• [Data block]:
:::
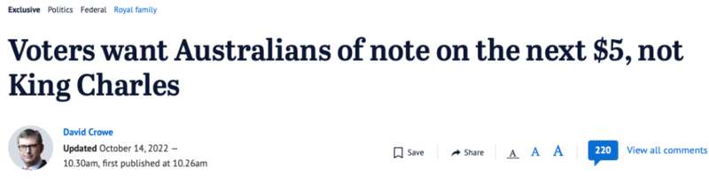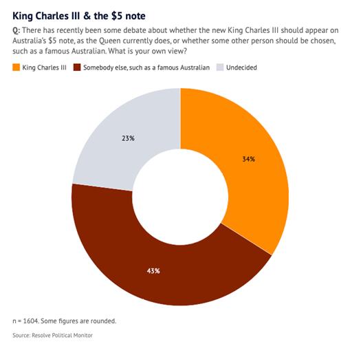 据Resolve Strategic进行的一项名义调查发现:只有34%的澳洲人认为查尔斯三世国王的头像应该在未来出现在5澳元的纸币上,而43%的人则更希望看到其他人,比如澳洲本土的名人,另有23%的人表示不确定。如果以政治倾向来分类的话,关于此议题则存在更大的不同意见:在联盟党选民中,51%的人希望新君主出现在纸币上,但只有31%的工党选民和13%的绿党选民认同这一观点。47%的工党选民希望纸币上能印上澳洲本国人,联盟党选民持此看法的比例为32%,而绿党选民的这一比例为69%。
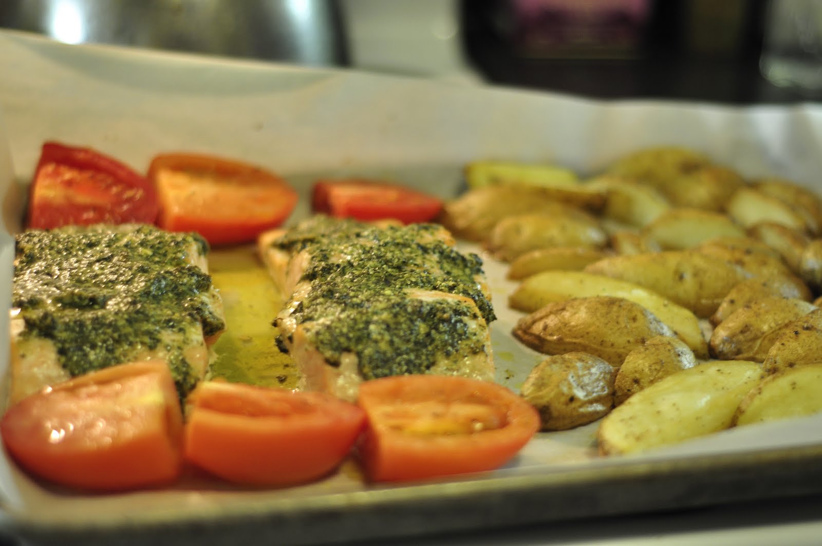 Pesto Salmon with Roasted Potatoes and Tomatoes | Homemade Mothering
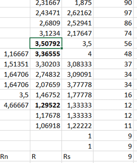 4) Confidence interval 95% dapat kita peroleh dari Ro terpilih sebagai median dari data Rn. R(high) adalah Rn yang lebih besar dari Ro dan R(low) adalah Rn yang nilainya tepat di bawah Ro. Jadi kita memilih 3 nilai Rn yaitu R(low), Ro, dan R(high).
:::
• [The problem]: Set the lines down exactly as they stand, from the one containing "Pesto Salmon with" through the end of the listing, omitting every picture.

• [Exercise response]:
 Pesto Salmon with Roasted Potatoes and Tomatoes | Homemade Mothering
 4) Confidence interval 95% dapat kita peroleh dari Ro terpilih sebagai median dari data Rn. R(high) adalah Rn yang lebih besar dari Ro dan R(low) adalah Rn yang nilainya tepat di bawah Ro. Jadi kita memilih 3 nilai Rn yaitu R(low), Ro, dan R(high).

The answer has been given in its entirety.